Tumor-associated neutrophils (TANs) in hepatocellular carcinoma received attention in recent years. TGF-β, which was secreted by activated HSCs, plays a major role in neutrophil plasticity, driving the acquisition of an N2 phenotype[42]. The N2 TANs have been proved that they can recruit macrophages and Treg cells into HCCs to promote their growth, progression[43]. In the present study, we did observed that the TANs infiltration in the LF group was higher than that in the control group. At the same time, the immunosuppression of liver fibrosis on tumors was also reflected in the increased expression of PD-L1 and decreased CD8 + T cell infiltration in the LF group.

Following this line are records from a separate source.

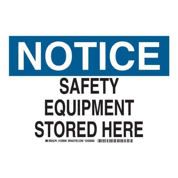 Notice Sign, Sign Subject Matter Facility, Height 7 In., Width 10 In., Sign Material Polyester, Sign Mounting Style Adhesive Surface, Header Notice, Legend Safety Equipment Stored Here, Printed Language English, Sign Shape Rectangle
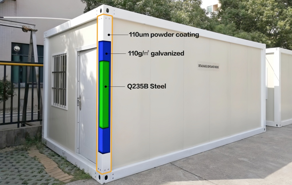 A7:Wall panels are made of 50mm rock wool sandwich panels, and can be upgraded to 75mm and 100mm thickness, which is better for extreme cold and hot weather
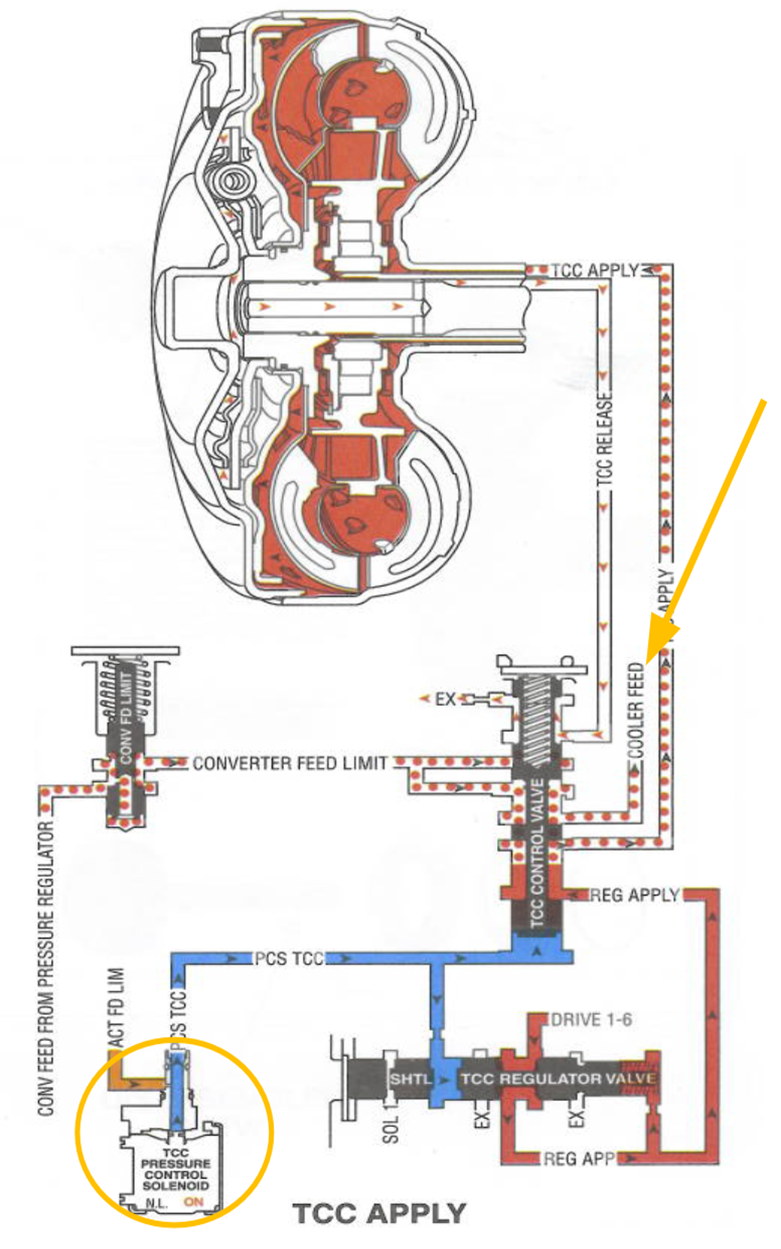 Lubrication flow begins when the TCC Control Valve directs fluid to the Cooler Feed circuit (orange arrow). Fluid is almost always routed through the cooler unless a transmission thermostat restricts flow, as discussed earlier. This cooling path is active regardless of whether the TCC is applied or released.
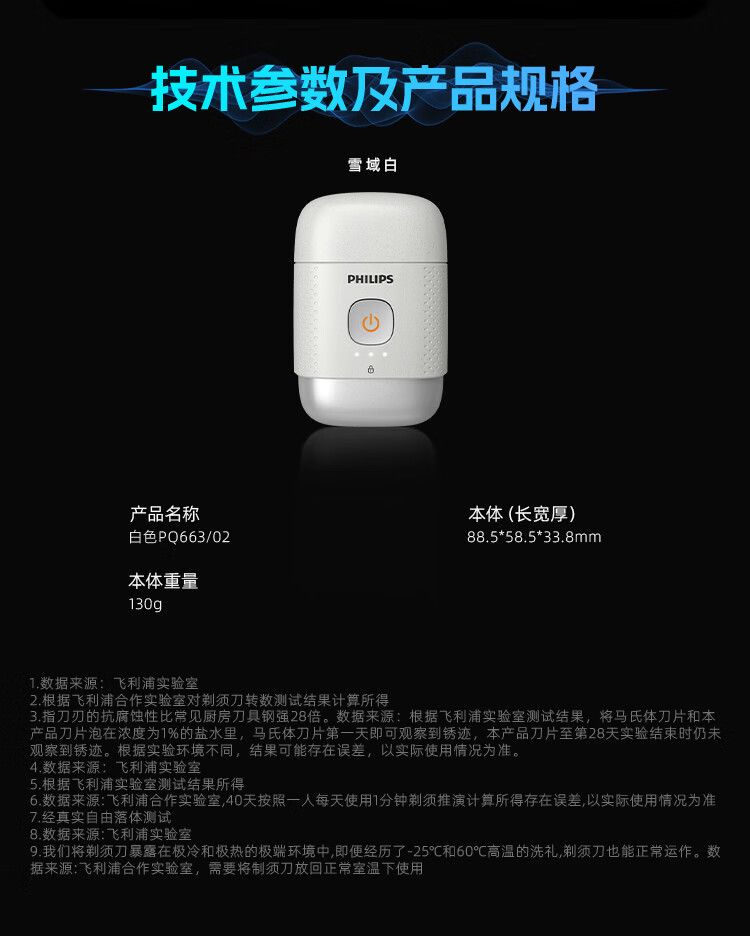 商品名称:飞利浦 剃须刀PQ663 鹅卵石便携剃须刀男士电动剃刮胡刀全身水洗
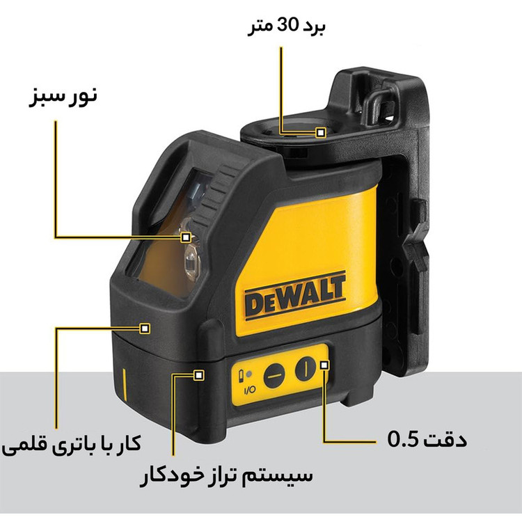 باتری , دارای سیستم تراز خودکار , قابلیت نصب روی پایه , قابلیت نمایش خط , نمایش خط لیزر افقی , نمایش خط لیزر عمودی
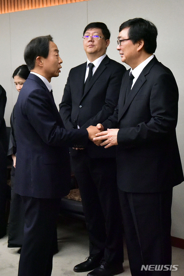 【서울=뉴시스】김진아 기자 = 고(故) 김영삼 전 대통령의 아들인 김현철 사단법인 김영삼민주센터 상임이사가 21일 서울 서대문구 세브란스병원장례식장에 마련된 김대중 전 대통령 장남인 故 김홍일 전 국회의원 빈소를 찾아 조문을 하고 차남 김홍업 전 의원, 삼남 김홍걸 민족화해협력범국민협의회 대표 상임의장과 인사를 하고 있다. 2019.04.21.
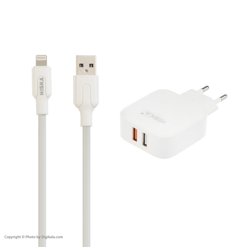 شارژر دیواری هیسکا مدل H-112PD به همراه کابل تبدیل لایتنینگ
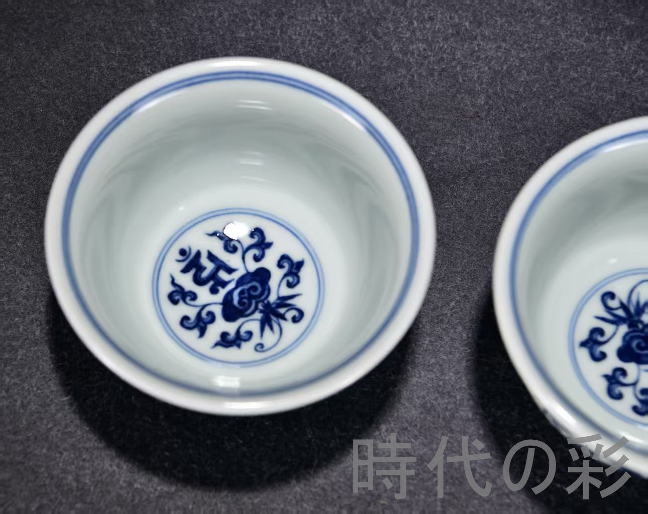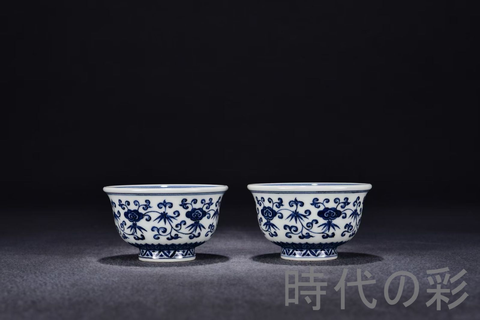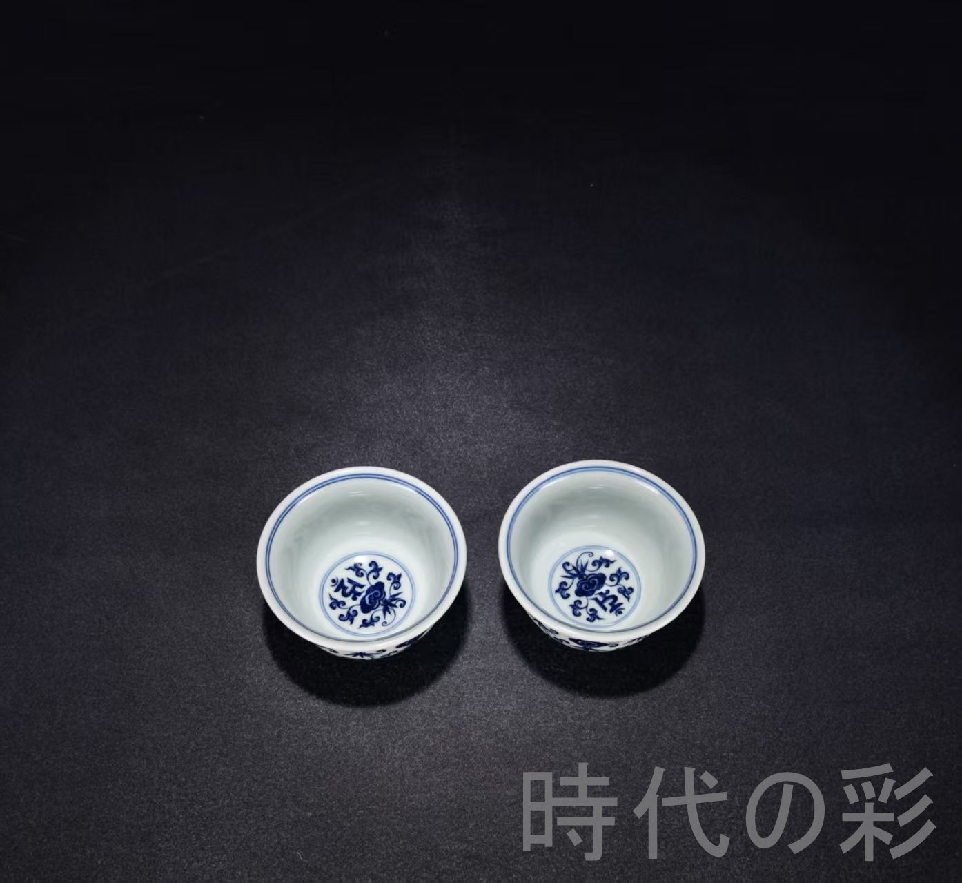 明代宣徳,青花,纏枝紋,如意紋,圧手杯,陶磁器,古陶器,骨董品,收藏品,景徳鎮,中国古美術
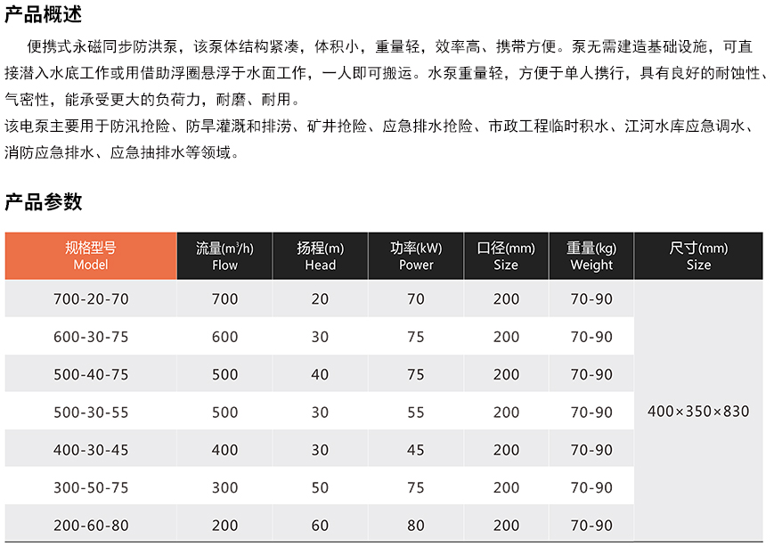便携式永磁同步防洪泵

MMPs are calcium-dependent zinc-containing peptidases and are responsible for the degradation and turnover of most components in the ECM during fibrogenesis[44]. MMPs also have other functions besides participating in ECM turnover, including regulating signaling pathways that control cell growth, inflammation, or angiogenesis and may even work in a nonproteolytic manner[5]. MMP-2 and MMP-9 are two key MMPs secreted from HSCs and have been proved highly expression during TAA induced fibrogenesis[23,45,46]. High expression of MMP-2, MMP-9, and both has been associated with tumor progression and poor survival of HCC patients[47]. Overexpression of MMPs in tumor cells will enhance degradation of the basement membrane to facilitate invasion of nearby blood vessels, followed by extravasion to distant tissues to seed new metastatic sites and tumor cells mainly express MMP-9 instead of MMP-2 in HCC[47]. In the tumor tissue of LF group, we observed that the expression of MMP-9 was higher than that of control group in liver tissue while there was no statistical difference in the MMP-2 expression between two groups, which may be related to the characteristics of tumor cell lines.

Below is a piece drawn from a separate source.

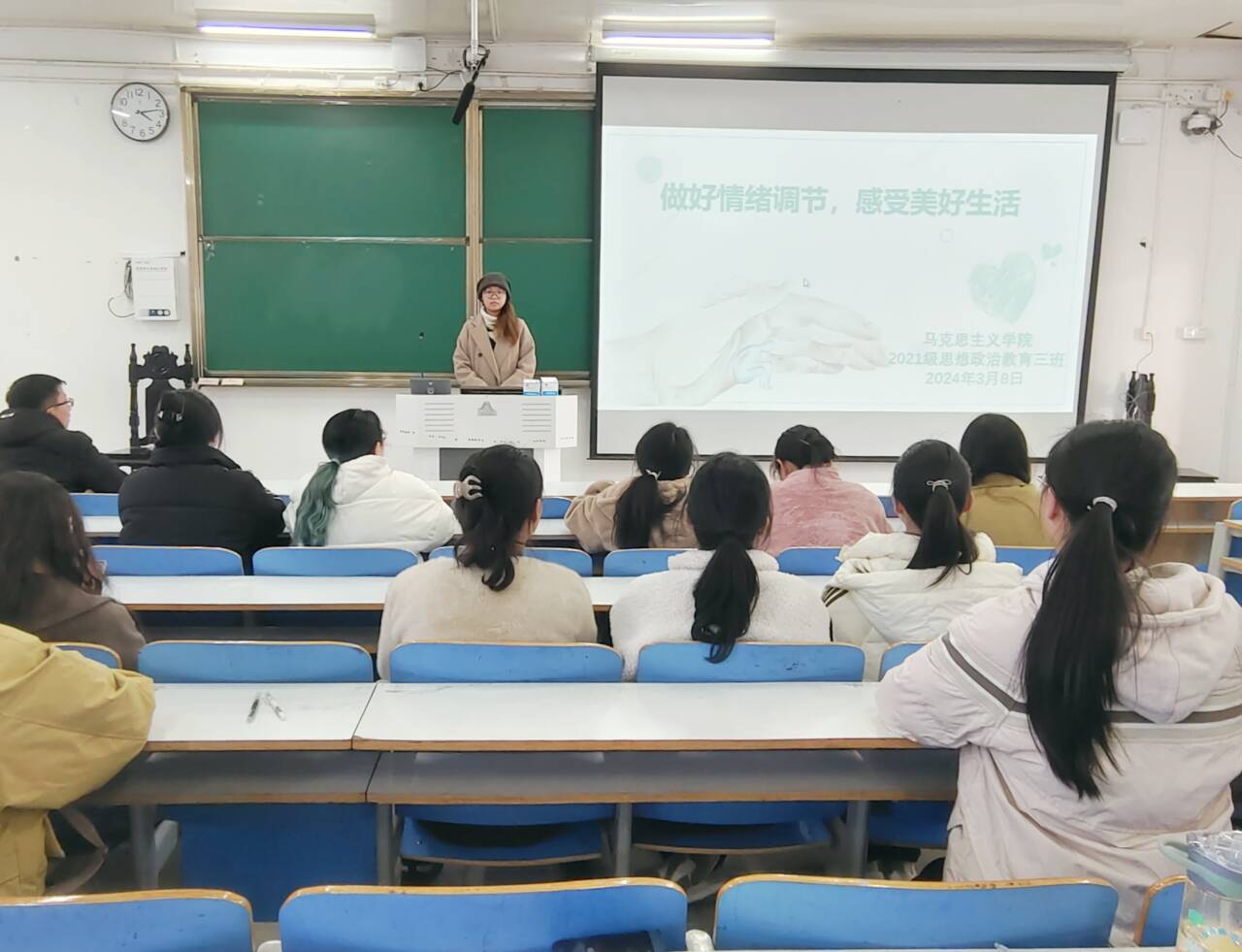 3月8日下午,sjb世俱杯网站2021级思想政治教育三班在社科楼514教室举办“做好情绪调节,感受美好生活”主题团课。2021级思想政治教育三班全体成员参加了此次会议。会议由心理委员许竞文主持。

The harder the liver, the smaller the space for tumor growth, which was reflected in this study's negative linear relationship between collagen deposition and tumor size. Nevertheless, this does not mean that liver fibrosis can reduce the degree of “tumor damage”. In fact, despite the smaller tumor size, the HCC patients with cirrhosis have a worse prognosis and higher-level pathological typing[6,9]. Liver stiffness is positively correlated with the risk of HCC, patients with a liver stiffness value greater than 12.5 to 13 kPa have a 4 to 13 times higher risk of HCC occurrence[48,49]. Schrader et al.[50] found that when cells were cultured on hard (12 kPa) supports, the proliferation index (assessed by Ki67) of Huh7 and HepG2 cells were respectively 2.7 and 12.2 times higher than those were cultured on soft (1 kPa) supports.

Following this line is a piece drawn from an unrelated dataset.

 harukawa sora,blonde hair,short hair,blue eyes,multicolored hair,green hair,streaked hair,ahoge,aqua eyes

In addition, we also found a relatively moderate correlation between tumor volume and related indicators reflecting immune escape. For patients who accepted immunity therapy, an apparent initial increase in tumor burden may be present, a finding that is likely related to transient immunity cell infiltration[51]. Moreover, CD8 + T cell infiltration was related to tumor size in this study, but more shreds of evidence are needed to prove the relationship between tumor size and immunity cells[51,52].

Different from the previous focus on the effect of stiffness on the biological behavior of tumor cells[50,53], the model we constructed in this study can directly observe the effect of liver fibrosis on tumor size. A limitation to the study is that the number of animals in each group was relatively small, which might reduce statistical efficiency. In summary, liver fibrosis facilitated tumor immunity escape but limited the expansion of tumor size, and this phenomenon may be related to the accumulation of collagen in the liver and the decrease of lymphocyte infiltration in the tumor.